Start Seeing Vegetables

Saturday, January 17, 2009

I've hit the point of mid-winter ennui, when a snowfall is no longer novel and pretty, and I crave greenery and the scent of living soil. A trip to the conservatory is typically on my agenda this time of year. I walk through the doors and inhale the smell of palm trees and orchids then look around to see my fellow Minnesotans standing with their eyes shut in rapture, soaking in the sort of water-drenched air that makes us grumble in July.

Purty, Ain't It?

I haven't made it down to the conservatory yet this year, but I've found something closer to home to satisfy my need for green: the produce department.

Our grocery store has all the fruits and vegetables arranged in these neat, lovely little displays, complete with dramatic lighting and intermittent mist to keep the lettuce moist and lovely. Since the colors outside lately range from clean snow to dirty, seeing all those bright greens, reds, oranges, and yellows in the produce section lifts my spirits and makes me want to scoop it all up and take it home. And, since it is a store, that's actually an option.

I loaded up my cart this morning with a bunch of fresh fruits and vegetables, feeling quite proud of how well-behaved I was going to be after last week's Cupcakes as Medicine Festival - to alleviate my sore shoulder and depression about being the sort of old, feeble being who is sidelined for several days by a fall down the steps. 

Once home, I started the vegetable drawer ritual that is throwing away all the delicious, nutritious stuff I bought last week that has gone bad from neglect to make room for this week's bounty.  And that's when I had my epiphany. We throw away a crazy amount of fresh fruit and vegetables at our house. It's wasteful. It's a shame. We really ought to do something about that.

So I picked apart the problem and identified two barriers that keep us from eating the good stuff - and propel us to just order a pizza, stop at McD's, et cetera.

First Issue: Convenience. Neither of us is in the mood to clean and chop vegetables when we get home from work - isn't that what they make people do in the army for punishment, after all?
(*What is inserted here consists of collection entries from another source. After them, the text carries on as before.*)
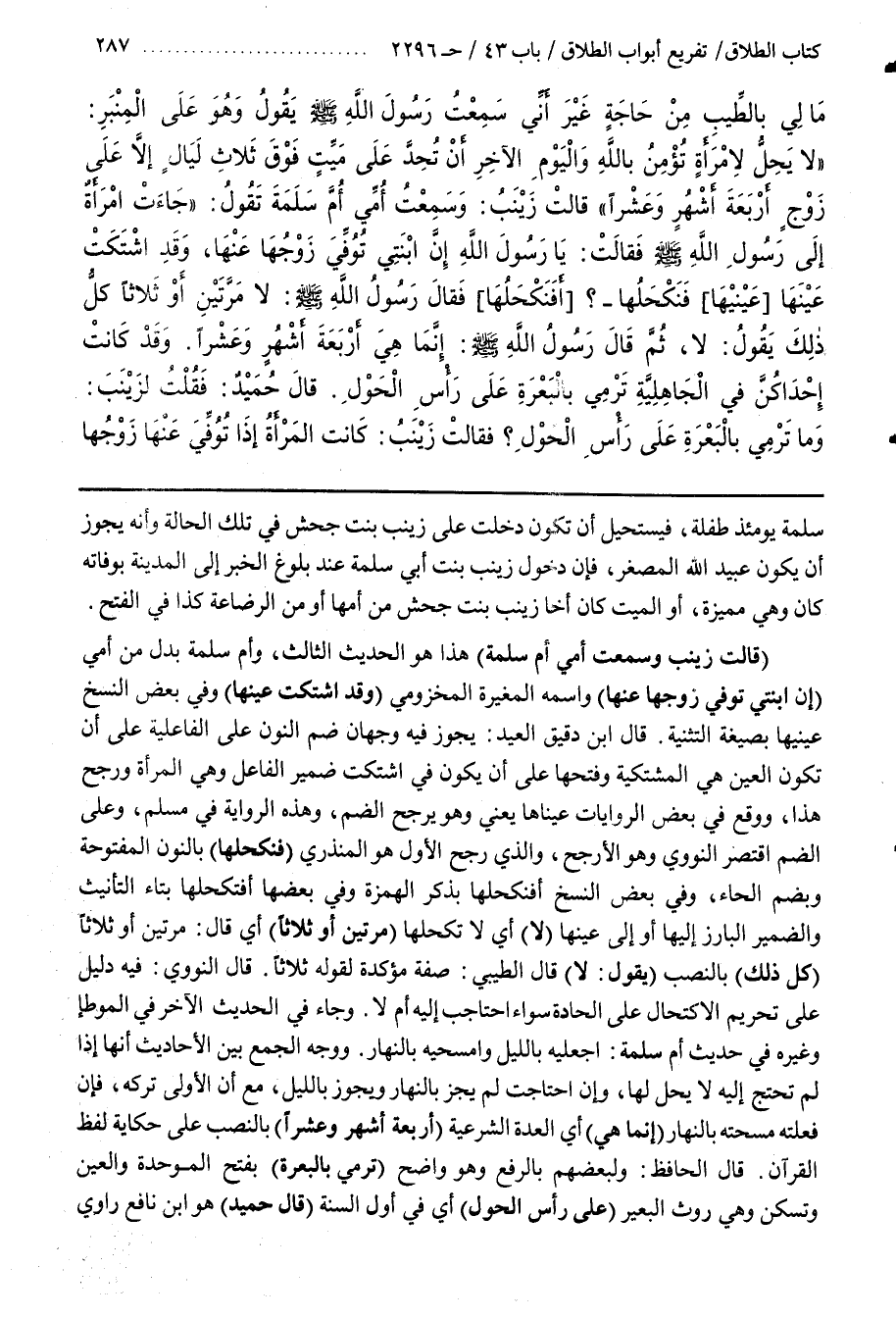 قَالَ النَّوَوِيُّ فِيهِ دَلِيلٌ عَلَى تَحْرِيمِ الِاكْتِحَالِ عَلَى الْحَادَّةِ سَوَاءٌ احْتَاجَتْ إِلَيْهِ أَمْ لَا
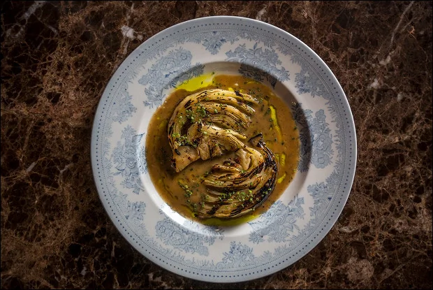 ШАГ 1 Приготовить капусту. Кочан молодой капусты среднего размера (можно использовать и красную, и белокочанную, последняя чуть плотнее и готовится чуть дольше), полить оливковым маслом, посыпать солью и дробленым черным перцем. Завернуть в два слоя фольги и убрать в духовку на 1,5–2 часа при температуре 230 градусов. Если есть угольный гриль, готовить нужно в нем, — за полтора часа капуста дойдет до нужной текстуры и получит отличный дымный аромат. Затем развернуть капусту, убрать сгоревшие верхние листы и разрезать капусту на дольки.
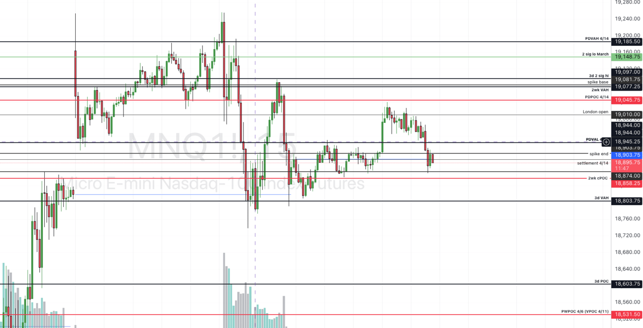 staying below PDVAL @ 18944 and losing yesterday’s spike end @ 18917.5, gives us a down day, revisiting 18803.75 (multi-day VAH). Bears would love to continue to close candles below, as lets them be able to work on tapping 18603.75, the magnetic 18531, and 18318.25 below. There’s a lot more room to fall down than up this morning as far as key levels, so this may be a nothing tape (price action was downright aesthetically ugly last evening) or we could see a nice chunky move.
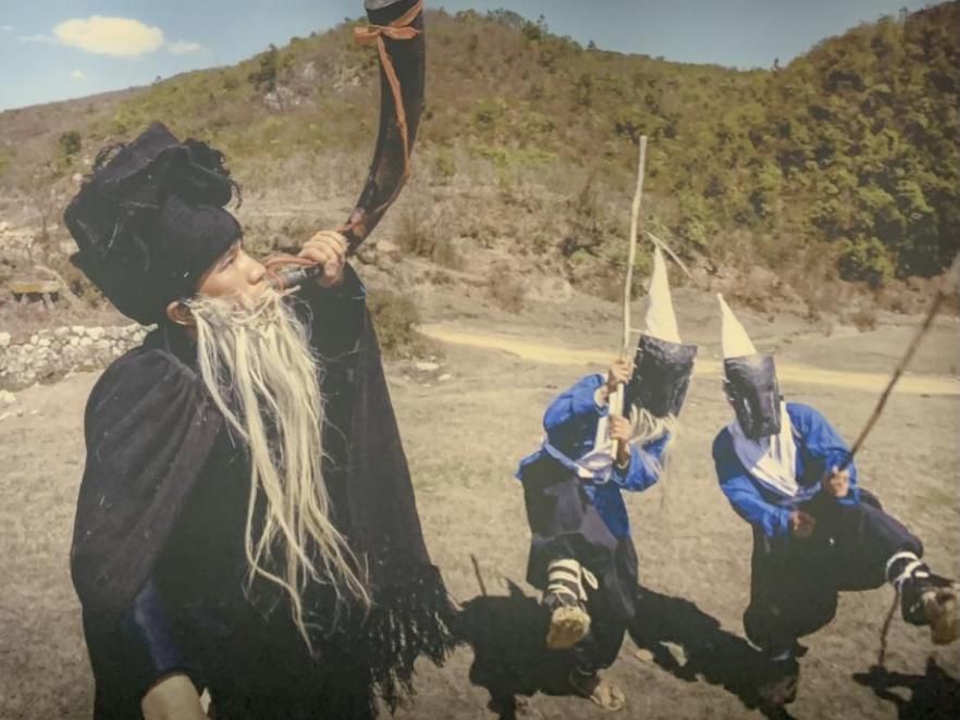 彝族男子正在进行祭祀活动(许觊佳摄于贵州省博物馆)
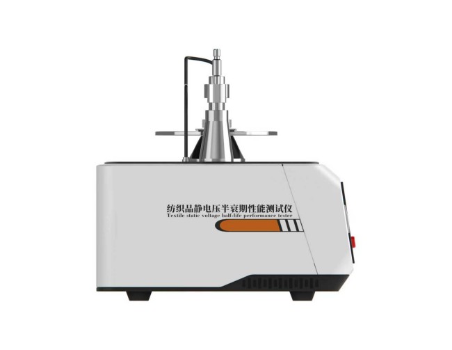 纺织品静电压半衰期性能测试仪用于实验室条件下测定纺织原料和制成品含纤维、纱线、织物、地毯、装饰织物的静电性能,也可用来测定其它片、板状材料如纸张、橡胶、塑料、复合板材等的静电性能。仪器主机由电晕放电装置探头和检测系统组成。利用给定的高压电场,对被测试样定时放电,使试样感应静电,从而进行静电电量大小、静电压半衰期、静电残留量的检测,以确定被测试样的静电性能。
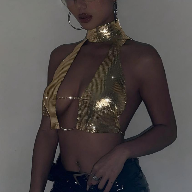 Women's Golden Sequin Halter Neck Tank Top with Suspenders - Sexy Party Clubwear, Form-Fitting Stretchy Glitter Top for Night Out & Festive Events, Festive Attire | Strapless Outfit | Metallic Finish
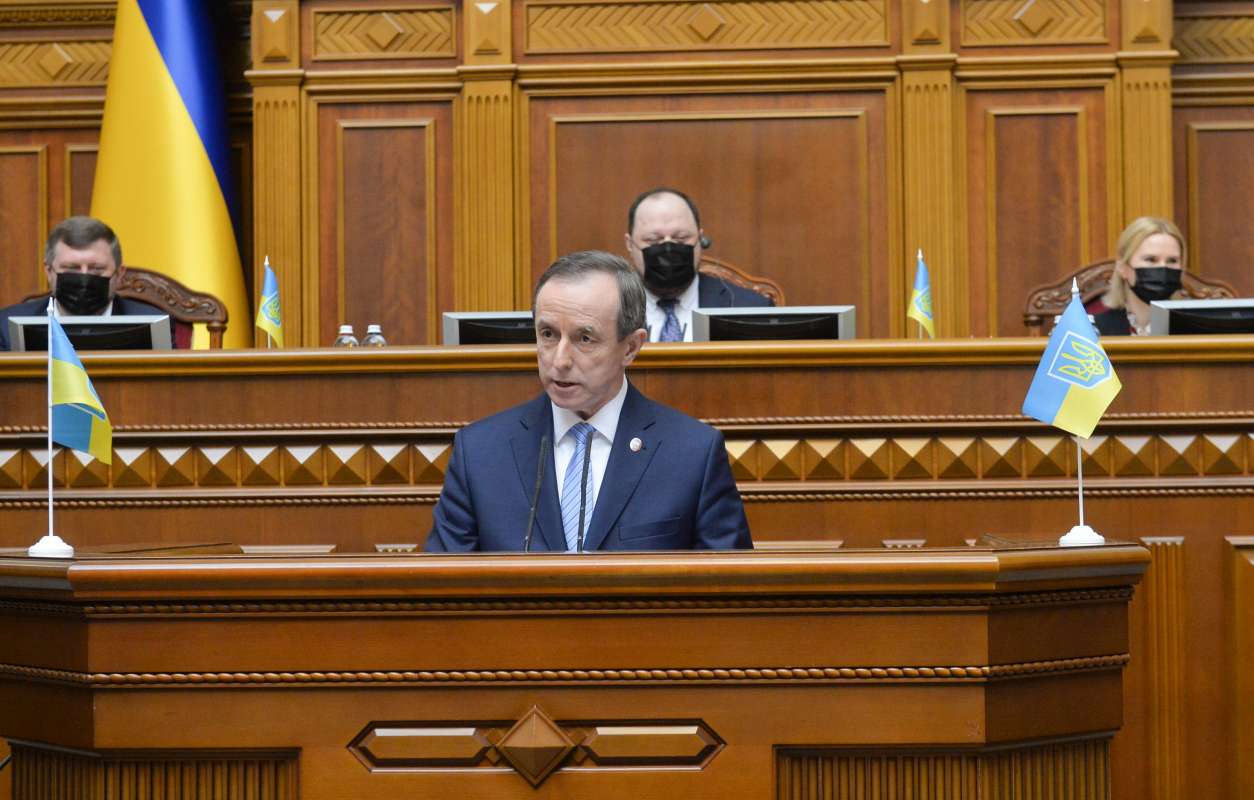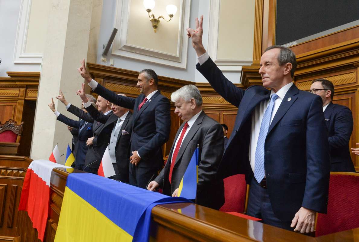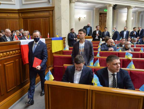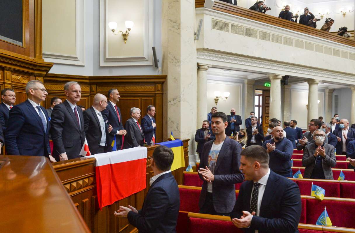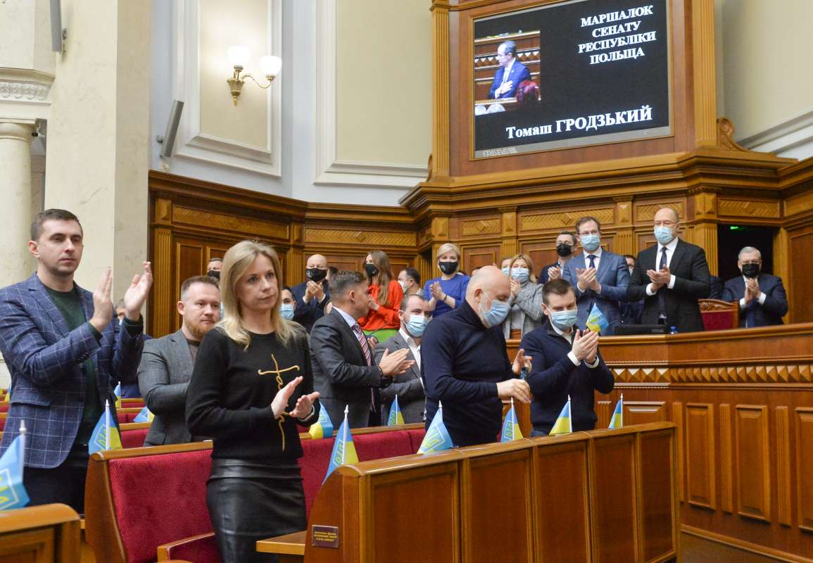 Під час виступу Томаш Гродзький повідомив, що до Парламенту України прибула велика делегація парламентаріїв, що складається з представників різних політичних сил. За його словами, ці політики часто ведуть між собою гострі політичні суперечки, проте у питанні щодо прояву солідарності та підтримки українському народові вони повністю єдині.

It's super fast and convenient to shove a McSomething in your maw, so that's what we do. Too often.

Next Issue: Visual Signals. I realized that if I ever wanted to keep spouse and child from eating something - to hide it from them, as it were - I'd stick it in an opaque plastic bag and put it in the bottom drawer of the fridge, which is exactly what we do with every precious veggie we bring in our house. We hide them from ourselves until they go bad.
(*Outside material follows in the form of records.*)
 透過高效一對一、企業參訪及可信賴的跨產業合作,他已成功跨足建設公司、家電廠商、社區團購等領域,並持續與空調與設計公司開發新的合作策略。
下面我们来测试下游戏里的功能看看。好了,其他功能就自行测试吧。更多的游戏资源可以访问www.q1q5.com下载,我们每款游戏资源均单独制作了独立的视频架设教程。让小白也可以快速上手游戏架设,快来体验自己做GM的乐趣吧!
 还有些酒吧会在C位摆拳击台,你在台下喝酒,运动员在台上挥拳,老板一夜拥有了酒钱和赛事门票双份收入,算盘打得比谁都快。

I put a good hour into the fridge make-over plan that we hope will alleviate our money-wasting, vegetable-tossing bad habits. One of the crisper drawers is now dedicated to grains - bread, bagels, and such; meanwhile, the other drawer is the dairy dept., filled with butter, cheese, cream cheese, et cetera. The vegetables are all cleaned up and put in clear plastic containers (on sale at Target this week) on the main shelf of the fridge. They are the first thing you see when you open the door. Soon we'll all be grabbing an apple or some carrots as a snack instead of opening the fridge, seeing "nothing", and mowing down a bag of chips. Right?
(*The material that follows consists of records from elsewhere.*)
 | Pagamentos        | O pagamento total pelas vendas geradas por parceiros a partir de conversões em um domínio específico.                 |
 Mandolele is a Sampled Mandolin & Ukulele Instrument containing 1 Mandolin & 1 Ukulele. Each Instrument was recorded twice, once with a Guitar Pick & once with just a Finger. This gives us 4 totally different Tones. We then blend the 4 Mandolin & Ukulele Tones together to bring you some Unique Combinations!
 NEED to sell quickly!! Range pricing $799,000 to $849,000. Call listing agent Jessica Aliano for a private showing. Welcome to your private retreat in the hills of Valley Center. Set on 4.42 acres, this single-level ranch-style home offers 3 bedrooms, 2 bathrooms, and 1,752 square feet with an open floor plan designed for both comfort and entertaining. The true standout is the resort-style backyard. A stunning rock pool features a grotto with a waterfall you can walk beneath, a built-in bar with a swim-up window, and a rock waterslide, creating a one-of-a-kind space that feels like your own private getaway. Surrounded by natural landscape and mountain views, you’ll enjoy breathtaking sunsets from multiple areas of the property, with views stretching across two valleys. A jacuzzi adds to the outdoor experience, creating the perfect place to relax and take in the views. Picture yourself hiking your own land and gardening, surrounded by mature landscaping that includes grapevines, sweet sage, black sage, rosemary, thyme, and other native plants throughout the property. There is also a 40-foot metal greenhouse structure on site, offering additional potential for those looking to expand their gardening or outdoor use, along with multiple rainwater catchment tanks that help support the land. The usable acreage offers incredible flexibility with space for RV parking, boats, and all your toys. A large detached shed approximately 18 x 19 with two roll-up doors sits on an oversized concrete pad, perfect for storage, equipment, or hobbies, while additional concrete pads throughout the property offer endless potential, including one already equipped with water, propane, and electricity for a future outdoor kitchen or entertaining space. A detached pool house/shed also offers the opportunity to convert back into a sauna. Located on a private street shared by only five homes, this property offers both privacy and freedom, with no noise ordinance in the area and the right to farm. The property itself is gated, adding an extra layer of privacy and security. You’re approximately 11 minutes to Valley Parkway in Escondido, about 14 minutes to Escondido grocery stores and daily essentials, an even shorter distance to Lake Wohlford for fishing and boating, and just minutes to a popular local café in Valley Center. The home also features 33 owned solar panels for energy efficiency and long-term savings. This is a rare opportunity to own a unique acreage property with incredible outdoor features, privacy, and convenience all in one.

I'm hoping that we can keep this up and that it will prove to be one of those simple yet glorious things that wind up being life-changing and makes me lose twenty pounds, get a book deal, and eventually end up as a guest on Oprah, where she'll gush over me (and my svelte figure) and buy copies of my tome for the whole audience. And they'll cheer wildly at this. Indeed, they will.

Spinach is Beautiful...

2 comments:

Holly said...

I am so glad to know that someone else has the same vegetable regret; I constantly buy vegetables vowing to do my part in being healthy and then constantly have to rebuy them two weeks later after I've thrown away the rancid originals.

January 18, 2009 at 8:39 AM
Anonymous said...

Me too. Only, as of tonight, I can now add yogurt and cottage cheese to the list of foods wasted at my house. I threw away four containers three of which that were NEVER OPENED BUT NONETHELESS EXPIRED! I also threw away the remains of several jars of salsa and one jar of relish that I don't think even had an expiration date but some was dried to the side of the jar! That was not the least of it. I had one plastic container that had a science experiment of sorts - contents unknown.